Thus oppositions can only be effective (ie participate in well-informed policy debate and present meaningful alternative policy proposals to the electorate) to the extent that they have access to inputs of reliable policy options from external sources (eg international precedents) or from local civil institutions (eg associations, research institutes, universities). Governments have another source to draw upon in formulating policies, ie the public service. Under the Westminster tradition that Queensland inherited from Britain, the public service was expected to be professional and politically independent in implementing government policy and providing informed policy advice. Its role was particularly important as a repository of collective knowledge about the complex issues affecting particular policies and programs, and as means of (collegially) managing the interface between various complex functions that cannot be coordinated through market mechanisms or social relationships within the community.

Unfortunately the policy advice available to both governments and oppositions from Queensland's civil institutions has always been weak. In fact such entities have been notable for their ignorance of, and lack of serious concern for, the practical requirements for ‘good government’. The present writer's involvement in strategic policy R&D suggested that:

  • there were virtually no civil institutions willing or able to provide realistic and up-to-date advice to the state's political system about the requirements for effective government;
  • there was often a 10-15 year gap between the emergence of new policy concepts elsewhere and their recognition in Queensland;
  • the very nature of government's core role (ie 'governing', which involves creating a framework within which others can do things) was not understood, as government was conceived to be simply about providing goods and services (its secondary role);.
Sources of institutional Weakness:

Weak contributions to realistic public policy debates from local civil institutions reflects a community that is unwilling / unable to take responsibility for its future (see More Competent External Support to Parliament).  This apparently arises because of:

  • Queensland’s recent (ie 19th century) colonial origins and the significant population share comprising migrants that results from rapid growth;
  • the rich natural assets that make success seem easy and encourage manifestations of the ‘curse’ of rich natural resources, such as: (a) a significant role for foreign investors in taking economic initiatives; and (b) a community that looks to government mainly for benefits (rather than being concerned for what government would have to do to govern effectively);  
  • a typically small business / branch office local economy;
  • a tradition of copying international policy precedents

An aside: Some years ago, a University of Queensland economist with a German background (Dr Tom Riha) suggested in a personal communication that Queensland's problem was that 'there is no people here' (ie no community that sees itself responsible for its own welfare).

Moreover:

  • given the primarily small-business and branch-office character of Queensland's economy, there is little awareness of strategic issues or how to manage large organisations or the economy. While many organisations have reasonable understandings relevant to their own operations, such knowledge does not extend to the way in which governments or whole economic systems operate. There is thus a tendency to encourage governments to focus on the sort of operational issues that suit small firms (ie doing things / projects, rather than enabling things to be done) even though these are not appropriate for leaders involved in large organisations, in 'governing' or in developing an economy ( see Management Gaps in Queensland);
  • the combination of rich natural assets with ignorance / apathy about government / economic policy in the general community both: (a) creates incentives to ‘capture’ the policy process; and (b) reduces the community’s ability to counter such efforts.
  • The most obvious ‘policy capture’ consequence that has emerged from Queensland’s history and circumstances involves and incestuous / crony-ist relationship that has often existed between the ‘private sector’ and government (see Dependence Characterises the Queensland Economy). Queensland’s (so called ) ‘agrarian socialist’ economic style for the first 2/3 of 20th century seems to have been a variety of ‘state corporatism’.
Corporatism is a style of political economy that is quite different to both democratic capitalism and socialism (the other two major Western alternatives). It involves the view that the means of production should be privately owned but none-the-less be treated and act an extension of the state. State corporatism involves an administered rather than a market economy and has a long history in Europe and an association with fascism.
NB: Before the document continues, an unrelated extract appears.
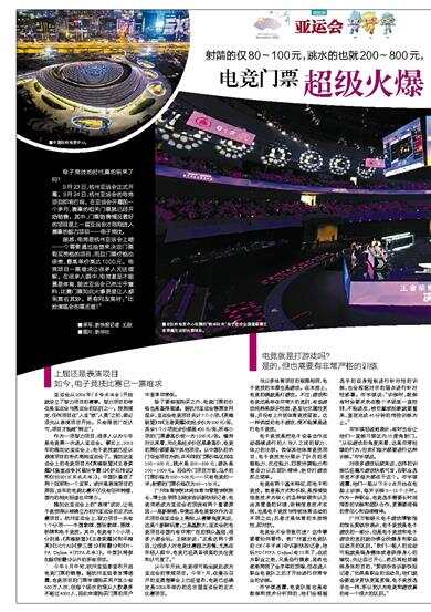 9月23日,杭州亚运会正式开幕。9月24日,杭州亚运会的电竞项目即将打响。在亚运会开幕前一个多月,赛事的相关门票就已经开始销售。其中,门票销售情况最好的项目是上一届亚运会才刚刚进入赛事的智力项目——电子竞技。

State corporatism has been given effect in Queensland not only through ‘agrarian socialism’ but also through:

  • a highly regulated economy – noting that Queensland has many more regulations than other states;
  • a strong role (via the state Treasury) in attempts to organise Queensland business and financial institutions in the 1980s;
  • the cronyism exhibited in the 1980s (eg noting government responsiveness to the so-called ‘white shoe’ brigade);
  • the purging of capabilities developed in the public service in the 1980s to take a more sophisticated approach to the economy by the incoming Goss administration in the early 1990s – even though this was contrary to the nominal policies of that supposedly-reformist administration (see Autocratic Ignorance Purges the Public Service);
  • the corporatisation of GOCs (as pseudo-commercial arms of government) in response the National Competition Policy in the 1990s (as compared with their privatisation in Victoria); and
  • the numerous ongoing indications of cronyism revealed over the last couple of decades (see Reform of Queensland Institutions - or a Rising Tide of Public Hypocrisy?.

The apparent view that the government is the core of the economy, rather than the regulator of the economy led to repeated assertions (led by the Treasury) that Queensland had a ‘strong’ economy because, at one time, the government’s financial position was strong (ie no net debts) – even though the productivity of Queensland’s economy was very low by national standards (ie Queensland’s gross state product / capita was about 85% of the national average, and national per capita incomes had then declined by international standards for all of the 20th century). Such claims (which impeded reform effects, but benefited those whose economic prospects depended on exploiting resources or government connections) constituted a major obstacle to the changes needed to develop a more modern productive economy that would probably have benefited the community generally (see Queensland’s Traditional Economic Strategy).

  • the incentive for civil institutions to provide the policy raw material that effective state government requires have been eroded because fiscal imbalances in Australia’s federal system have severely impeded the ability of state governments to take real responsibility, or be held democratically accountable, for their nominal functions (see Federal Fiscal Imbalances). And this has been compounded because federal governments have reacted to the resulting weaknesses in states’ performance by seeking to micro-manage state functions centrally - a 'solution' that is likely to be counter-productive (see A Federal System has Important Advantages).

Concern for the requirements of effective government have been further impeded by changes introduced since the 1980s with the aim of boosting the performance of Australia's economy. Greater efficiency in the provision of public goods and services was sought by the use of market mechanisms and business-like methods that were at times incompatible with the functions of government (see Governing is not Just Running a Large Business). The fact that governments have to 'govern' (as well as producing 'public' goods and services) and what is needed for them to do so effectively has apparently been seen to be irrelevant.

Until the 1990s governments had relied heavily for policy advice on the public service and on external sources (eg UK precedents, OECD analyses) though the latter were not always strictly locally applicable. However since then:

Because of the unreliable support available to them from local civil institutions and the erosion of alternative sources of policy advice, Queensland Governments have tended to be poor, and oppositions 'myopic'.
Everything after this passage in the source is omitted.